ENHANCING EDUCATIONAL CHATBOTS WITH RETRIEVAL-AUGMENTED GENERATION SYSTEMS: A STUDY ON PHYSICS AND MATHEMATICS COURSES
H. Monteiro, H. Mokayed
The integration of Large Language Models (LLMs) with educational tools offers significant potential to enhance student learning by providing tailored, contextually accurate responses through chatbots. This thesis investigates the implementation of Retrieval Augmented Generation (RAG) systems to augment LLMs for academic use, particularly in assisting students with high school Physics and undergraduate Mathematics courses. The research involves an experimental approach where various RAG configurations were systematically constructed and tested. Each configuration combined different parameters and tools, including small and large language models, various text splitting techniques, and diverse vector stores for semantic search.

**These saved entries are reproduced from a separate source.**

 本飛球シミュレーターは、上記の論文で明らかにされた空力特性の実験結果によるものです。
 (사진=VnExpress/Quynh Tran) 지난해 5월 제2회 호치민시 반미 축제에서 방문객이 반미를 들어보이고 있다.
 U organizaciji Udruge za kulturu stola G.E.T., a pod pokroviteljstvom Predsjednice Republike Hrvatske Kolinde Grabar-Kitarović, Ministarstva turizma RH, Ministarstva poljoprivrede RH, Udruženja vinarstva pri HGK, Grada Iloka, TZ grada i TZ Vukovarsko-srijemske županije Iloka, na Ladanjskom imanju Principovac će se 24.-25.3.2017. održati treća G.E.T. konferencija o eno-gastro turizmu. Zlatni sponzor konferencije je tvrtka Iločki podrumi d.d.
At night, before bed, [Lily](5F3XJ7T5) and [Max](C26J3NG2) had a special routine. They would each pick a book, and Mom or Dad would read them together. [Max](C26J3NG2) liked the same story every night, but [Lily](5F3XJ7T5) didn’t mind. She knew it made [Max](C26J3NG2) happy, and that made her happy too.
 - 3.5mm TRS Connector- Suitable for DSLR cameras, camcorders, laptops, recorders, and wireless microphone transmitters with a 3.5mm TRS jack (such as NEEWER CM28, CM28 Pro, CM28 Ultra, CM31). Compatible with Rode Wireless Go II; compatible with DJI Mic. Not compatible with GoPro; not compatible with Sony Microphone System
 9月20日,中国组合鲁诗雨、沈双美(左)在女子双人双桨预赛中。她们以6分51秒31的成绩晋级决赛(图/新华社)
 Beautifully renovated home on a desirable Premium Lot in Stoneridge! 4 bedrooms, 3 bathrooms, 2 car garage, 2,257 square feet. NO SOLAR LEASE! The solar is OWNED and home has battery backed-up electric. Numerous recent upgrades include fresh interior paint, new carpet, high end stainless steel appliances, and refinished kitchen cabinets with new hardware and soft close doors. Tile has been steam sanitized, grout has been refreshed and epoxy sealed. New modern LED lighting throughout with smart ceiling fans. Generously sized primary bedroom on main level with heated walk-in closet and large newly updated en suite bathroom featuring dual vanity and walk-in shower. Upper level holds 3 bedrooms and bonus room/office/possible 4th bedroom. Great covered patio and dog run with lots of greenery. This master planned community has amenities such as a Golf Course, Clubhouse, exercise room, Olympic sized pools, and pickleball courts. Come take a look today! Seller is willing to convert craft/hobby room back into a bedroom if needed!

Synthetic question-answer pairs were generated using course materials from MIT’s OpenCourseWare to evaluate the performance of these configurations. The experiments aimed to identify which RAG setups could most effectively retrieve and generate relevant answers from the provided educational content. Results revealed that the highest performing RAG configurations achieved over 64% accuracy in Physics and 66% in Mathematics. These configurations varied in chunk sizes, overlaps, and the specific models used, highlighting the nuanced impact of each parameter on performance.
The study concludes that while LLM size and complexity play a role, the choice of text splitters and embedding models are critical in optimizing RAG systems for academic applications. The findings suggest that carefully tuned RAG-powered LLMs can serve as effective virtual teaching assistants, offering significant benefits in terms of accessibility and accuracy of academic support. This research provides a foundational framework for future enhancements in educational chatbots, emphasizing the importance of open-source tools and ethical considerations in their development and deployment.
Keywords: Educational Chatbots, Physics and Mathematics Education, Retrieval-Augmented Generation (RAG), Large Language Models (LLMs), Synthetic Data Generation.